#### EXERCISE DATA:

%%

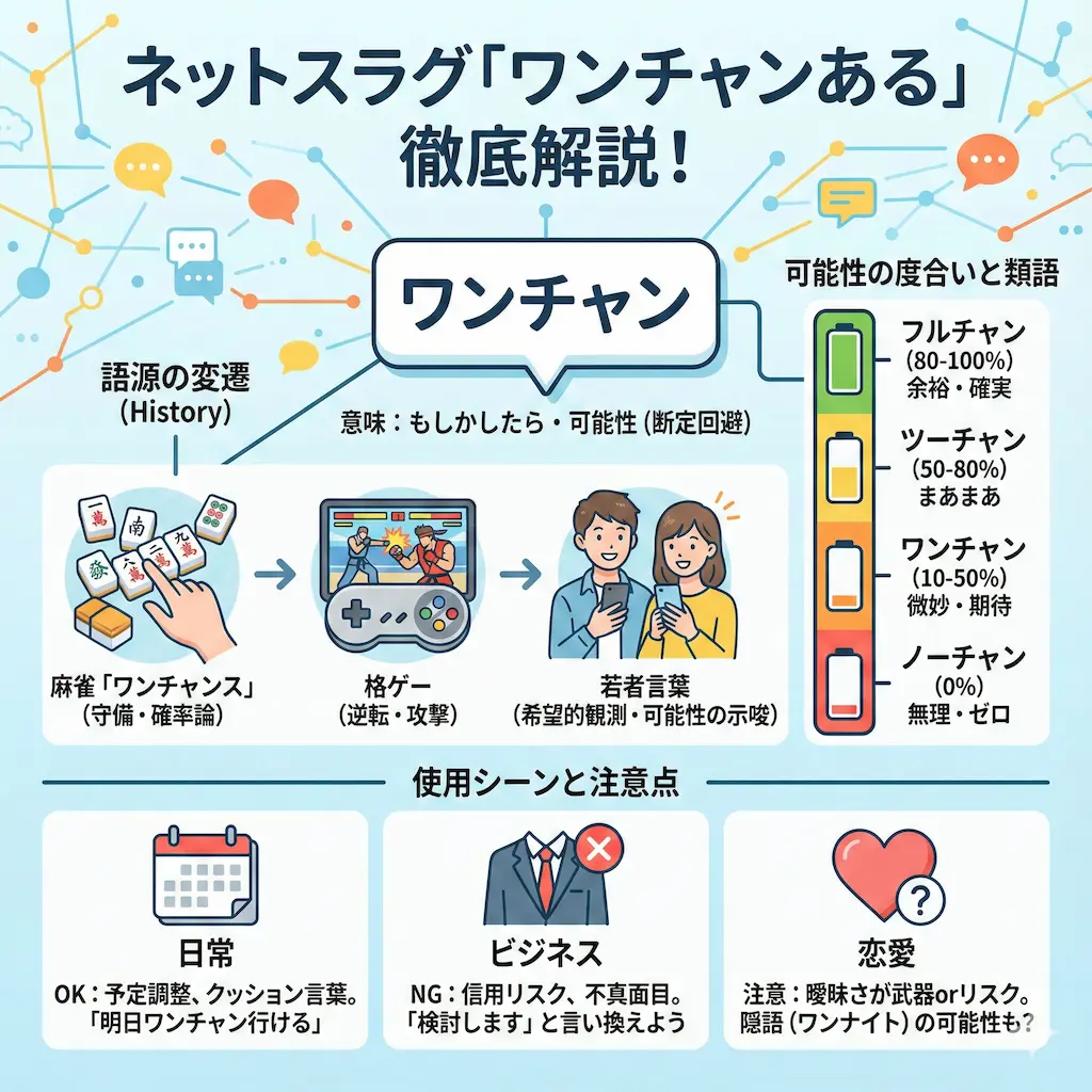 最近、街中やSNSで「ワンチャン」という言葉を耳にする機会が増えました。私がこの言葉に興味を持ったのは、若者だけでなく幅広い世代が使い始めていることに気づいたからです。 この言葉は単なる流行語ではなく、現代社会のコミュニケーションを円滑にする便利なツールとして機能しています。本記事では、ワンチャンの正しい意味や意外な語源、そして使う際の注意点を分かりやすく解説します。 ワンチャンの本来の意味と正しい使い方|基礎知識 ワンチャンとは「ワンチャンス」の略語であり、主に「もしかしたら」「可能性がある」という意味で使われます。私が普段の会話で耳にする際も、確率は低いけれどゼロではないというニュアンスを含んでいることが多いです。 この言葉は、断定...
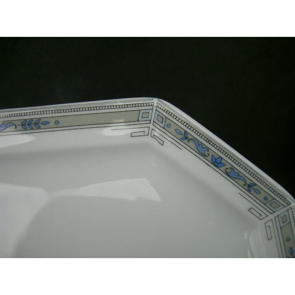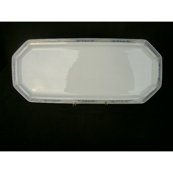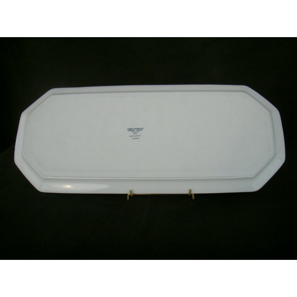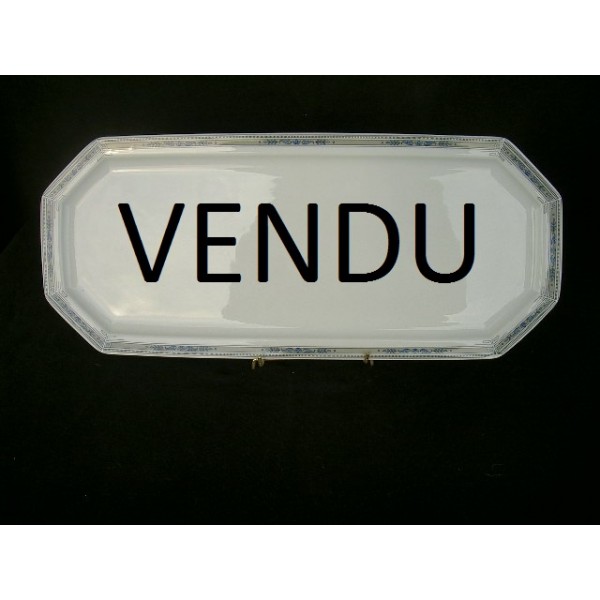 Plat à cake en porcelaine de Limoges estampillé Jammet-Seignolles, modèle Broadway, en parfait état. Forme octogonale, dimensions : 40cm x 17cm.
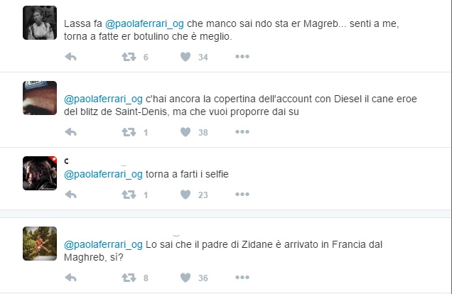 Gli utenti di Twitter non restano indifferenti ai cinguettii di Paola Ferrari e si scatenano commentando con ironia, chiedendole cosa pensa di fare con i calciatori originari del Magreb e chiedendosi se la giornalista sappia effettivamente di cosa stia parlando:

%%

#### YOUR GOAL:
The line containing "Plat à cake" marks the end; please output exactly the lines of the listing above from its first line through that line, without pictures.

#### SOLUTION FOR THIS TASK:
 最近、街中やSNSで「ワンチャン」という言葉を耳にする機会が増えました。私がこの言葉に興味を持ったのは、若者だけでなく幅広い世代が使い始めていることに気づいたからです。 この言葉は単なる流行語ではなく、現代社会のコミュニケーションを円滑にする便利なツールとして機能しています。本記事では、ワンチャンの正しい意味や意外な語源、そして使う際の注意点を分かりやすく解説します。 ワンチャンの本来の意味と正しい使い方|基礎知識 ワンチャンとは「ワンチャンス」の略語であり、主に「もしかしたら」「可能性がある」という意味で使われます。私が普段の会話で耳にする際も、確率は低いけれどゼロではないというニュアンスを含んでいることが多いです。 この言葉は、断定...
 Plat à cake en porcelaine de Limoges estampillé Jammet-Seignolles, modèle Broadway, en parfait état. Forme octogonale, dimensions : 40cm x 17cm.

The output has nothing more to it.